Ertappt! Genau so mache ich das, wie die Keyboar­der. Ich hatte auch Geigenunterricht, vorwiegend wegen der Mädchen aus der Klasse, die auch Geige spielten. Gitarre habe ich mir selbst beigebracht.

Gab es in Ihrer Laufbahn bestimmte Lehrer oder Lehrerinnen, von denen Sie beeinflusst wurden?

Meine Klavierlehrerin hat mich stark beeinflusst. Sie kam aus der Klassik, war gewissermaßen ein Chopin-Freak. Von ihr habe ich viel über die Gestal­tung von Musik gelernt. Später ging ich zu Walter Norris, einem amerikanischen Jazzpianisten, der damals in der SFB-Big Band in Berlin spielte. Der hat mir zwei, drei Jahre lang Unterricht gegeben. Es ging mir darum, Improvisieren zu lernen.

Hawo Bleich
Eines der musikalischen Standbeine von Hawo Bleich (rechts) ist die Zusammenarbeit mit dem Sänger und Liedermacher Klaus Hoffmann (links). Aktuell sind die beiden im Duo auf der Tournee „Als wenn es gar nichts wär“ zu hören. (Foto: Jim Rakete)

Wie kam es zur Beschäftigung mit Jazzmusik?

Nehmen wir das Solo von Chick Corea über Spain, das hat mich total angemacht. Ich wollte das spielen können, aber auch verstehen, wie es funktioniert. Wenn man aus der Klassik kommt, gibt es da ja auch schon Übergänge: Debussy und Ravel zum Beispiel, wo es auch schon leicht ins Improvisatorische geht. Das hat mich immer sehr angesprochen. In den 80ern machte ich dann viele Club-Gigs, spielte Fusion und Soul und gründete dann mit Kollegen die Band Opus Pocus.

In welche Richtung ging die Musik?

Modern Jazz, beboppig und viel modal. Wir schrieben eigene Titel, tourten und produzierten eine CD.

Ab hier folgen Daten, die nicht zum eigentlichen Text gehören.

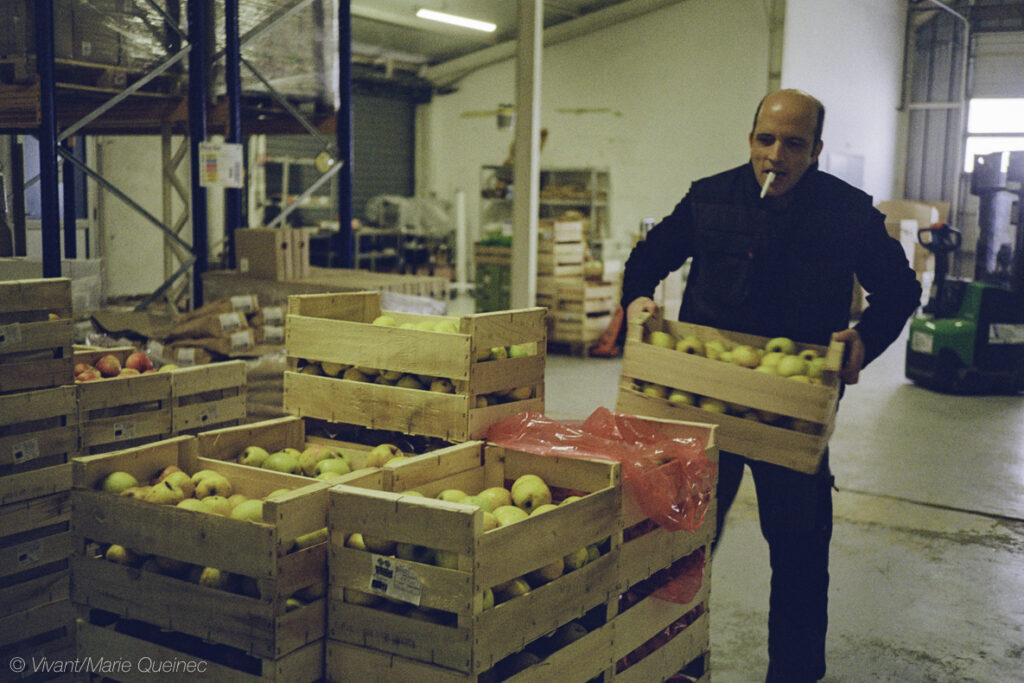 Bien connaître les produits issus des fermes du coin et répondre aux besoins des cantines, c’est la mission de Kilian, l’un des huit salarié.es que compte la structure. Pour que les poires restent accessibles, MBE livrera les petits calibres, adaptés aux enfants. Et pour les pommes de terre, Killian sait que les petites et les grosses se cuisinent différemment. Alors il s’assure de l’homogénéité des lots préparés par les producteur.ices et va jusqu’à envoyer des photos des légumes pour travailler dans un climat transparent.
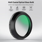 - Struttura in vetro ottico multistrato : il filtro stesso è realizzato in vetro ottico ad alta definizione per aiutarti a scattare immagini chiare senza perdere la nitidezza dell'immagine. I 30 strati di rivestimento Nano su entrambi i lati rendono il filtro idrorepellente, resistente ai graffi, resistente all'olio e alle impronte digitali
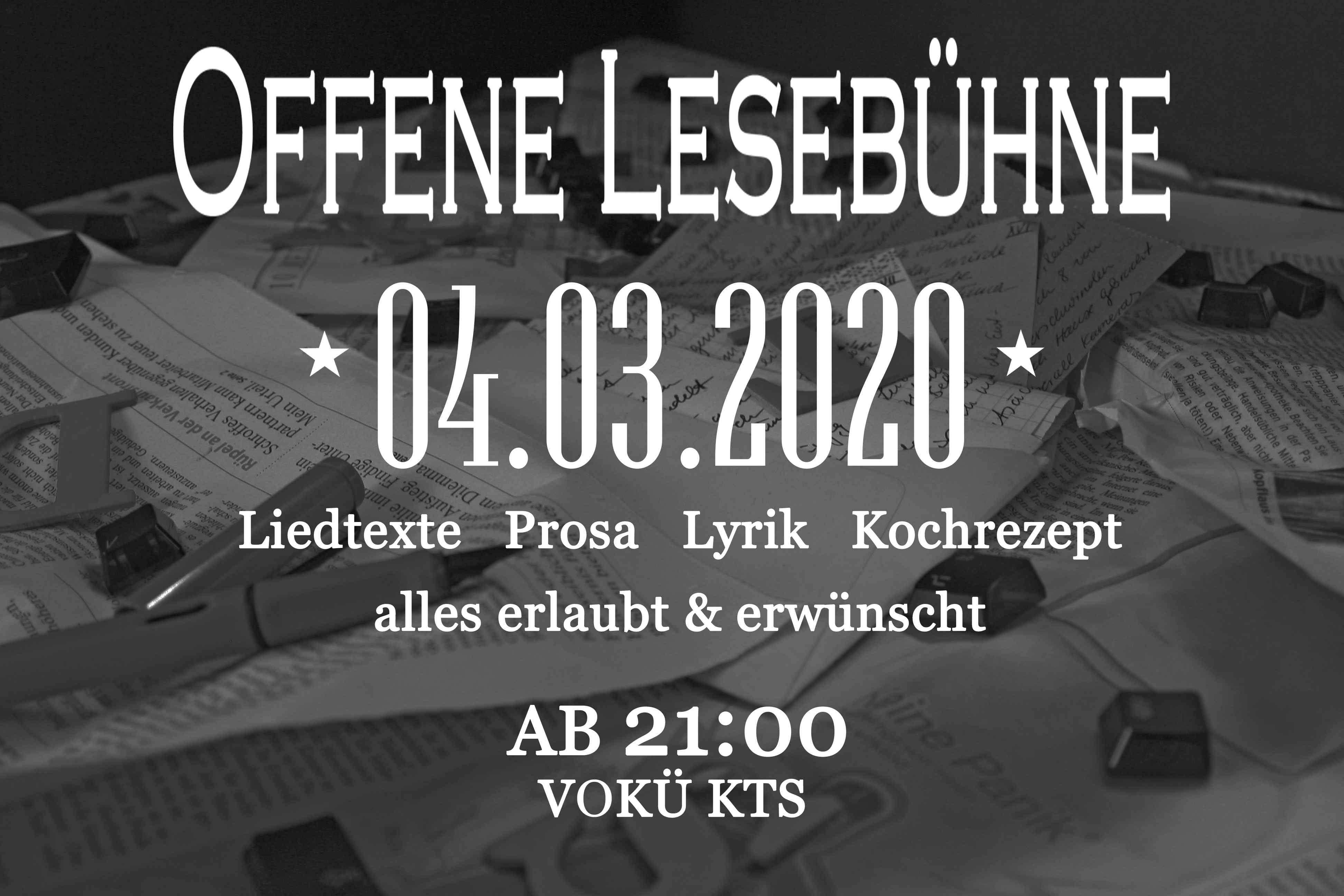 Nach der Voküfa wird es wieder eine neue Auflage der -Offenen Lesebühne- geben...

Waren diese Bands schon die ersten Schritteals Profi-Musiker?

Ja, das waren die ersten Stationen. Gleichzeitig bekam ich meinen ersten Job am Theater. Das sollte mich dann ernähren. Am Theater des Westens spielte ich lange im Orchester, dort habe ich auch viele Sänger begleitet. Studioarbeit kam dazu und ich schrieb auch Arrangements (u.a. für R. Mey), Kin­der­musicals und Filmmusiken (Tatort, Fahnder etc.).

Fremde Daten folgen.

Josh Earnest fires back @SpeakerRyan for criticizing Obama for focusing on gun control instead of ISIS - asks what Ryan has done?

Wie sah bzw. sieht ihr Instrumentarium aus?

Früher hatte ich natürlich auch diese Türme mit einer ganzen Menge an Synthies drin. In guter Erinnerung geblieben sind mir in den Jahren z.B. Roland JX-8P oder das Roland Digitalpianomodul MKS-20. Viel benutze ich auch den Roland XV-5080. Damit kann ich bei Klaus Hoffmann schöne Atmosphären entwickeln und den Untergrund legen. Streicher sind da wunderbar zu realisieren.

Haben Sie auch noch ein paar alte Schätzchen?

Ich habe zum Beispiel noch einen Memory-Moog, sogar mit Midifizierung. Der steht jetzt aber im Schrank und wird nur manchmal rausgeholt.

Wie halten Sie es mit Software-Synthesizern?

Ich habe ein kleines Studio im Haus, da arbeite ich viel mit Logic. Hier entstehen die Arrangements für Klaus Hoffmann. Auf dem Rechner habe ich auch etliche Software, u.a. die VSL-Streicher, die LASS-Strings und natürlich das Native-Instruments-Paket.

Ist Software auch eine Lösung für die Bühne?

Es ist auf alle Fälle möglich. Ich glaube auch, dass ich bald mal wechseln werde, weil ich die Schlepperei nicht mehr mag. Bei den Konzerten mit Klaus vertraue ich momentan aber noch meinem Masterkeyboard und dem Roland-Equipment (XV-5080). Da bin ich vielleicht ein bisschen konservativ, will aber nicht sagen, dass ein Computer auf der Bühne unsicherer wäre. Es ist aber immer auch eine Frage der Sounds. Die Streicher, die ich bei Klaus einsetze, sind absolut stilbildend, und die habe ich so nicht im Rechner, deshalb vertraue ich noch auf die Hardware mit meinen Lieblings-Sounds.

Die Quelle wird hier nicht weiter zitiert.